Num segundo cenário teríamos a vitória de Lula mas Bolsonaro recorre a um golpe miliciano militar, o qual teria um desfecho imprevisível e que a casa branca se distanciaria desde o primeiro momento por causa da tentativa de invasão do Capitólio em 6 de janeiro de 2021 pelos apoiadores de Trump e as consequências políticas e sociais que ainda reverberam na sociedade estadunidense.

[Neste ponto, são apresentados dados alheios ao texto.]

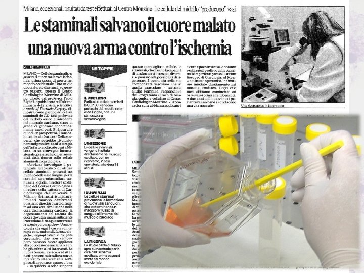 Terapie possibili nel futuro 1) 2) 3) 4) Potenziale cura delle malattie degenerative del sistema nervoso (morbo di Parkinson, morbo di Alzheimer, sclerosi multipla, sclerosi laterale amiotrofica) Ricostruzione del midollo spinale danneggiato da traumi fisici Malattie muscolo-scheletriche Ricostruzione del tessuto cardiaco dopo infarto
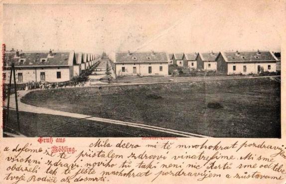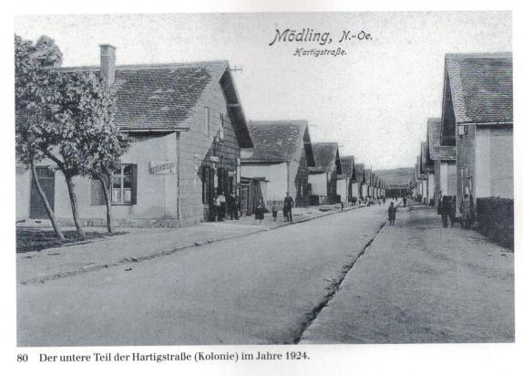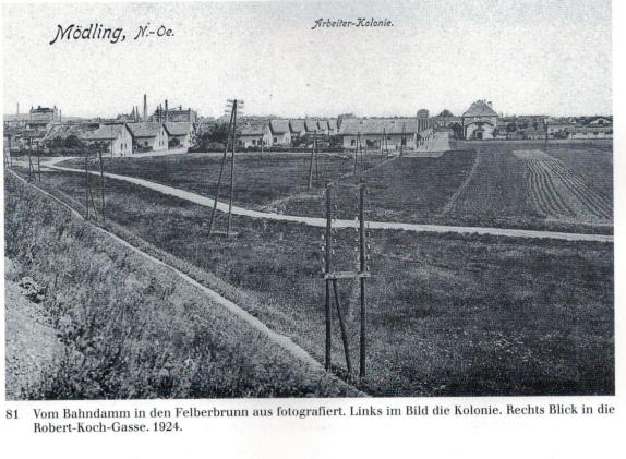 Luftaufnahme der Korsteinfabrik mit der unteren Kolonie ab 1948 (auf Hartigstraße 13 ist die damalige Konsumfiliale zu sehen) Im oberen Teil des Fotos ist die damalige Bundesanstalt für Tierseuchenbekämpfung zu sehen. Quelle: Dr. Peter Standenat - Mödlinger Stadtverkehrsmuseum

A relação seria de avaliação permanente de acordo com a evolução da situação política brasileira. Instabilidade desapreciada pelo império que já tem sua dose de instabilidade global para gerir. 

No terceiro cenário, Bolsonaro ganha e conduz o golpe por dentro das instituições, alterando a composição de tribunais superiores e a legislação que compreende direitos civis, sociais e políticos. A democracia liberal brasileira evoluiria rapidamente para óbito.

Seria uma derrota para o campo do partido democrata norte americano, com a eleição do grande parceiro a sul de Trump. Por outro lado seria uma montra permanente dos horrores sociais e ambientais que Bolsonaro continuará a promover, o que facilitaria o combate  político a Trump que tutela atualmente o partido republicano e, se a justiça não o impedir, perfila-se para ser o candidato do GOP¹ para as eleições de 2024.

Já os interesses do império seriam mais respeitados, sendo Bolsonaro o capacho perfeito para colocar o Brasil à disposição dos EUA no conflito contra a China.

Embora não possa admitir politicamente, Biden administraria melhor as relações do império com uma vitória “democrática” de Bolsonaro, colocando-se esta como a situação que menos prejudica os interesses imperialistas dos EUA, embora crie alguma dificuldade e embaraço internamente ao atual presidente e à democracia liberal existente. Mas há coisas mais importantes para o império que a democracia liberal, e o presidente dos EUA tem de as considerar ao fazer suas contas. 

Os representantes brasileiros do império parecem ter entendido esse cálculo. Talvez seja esse entendimento que explique o pouco interesse da (antes implacável e sempre disponível) mídia corporativa em esmiuçar as histórias abundantes de corrupção que gravitam à volta do governo, com saliência para a família presidencial. Talvez seja essa compreensão que explique a inércia olímpica que tomou conta da justiça eleitoral na reta final da eleição perante a avalanche de crimes eleitorais cometidos diariamente por Bolsonaro e suas hostes.

São dúvidas a que o tempo trará certezas. 

Certo é que se não fecharem Telegram e WhatsApp em período eleitoral, talvez nem o maior intérprete popular da história política brasileira possa vencer o neofascista Bolsonaro. Certo é que para o vencer, Lula e a esquerda só tem seu único aliado de sempre, que os ladeou em todas as lutas: na eleição,no golpe e na prisão. Só o povo brasileiro pode impedir que o império subjugue o Brasil, com mecanismos de tortura e morte que o Bolsonarismo sabe performar.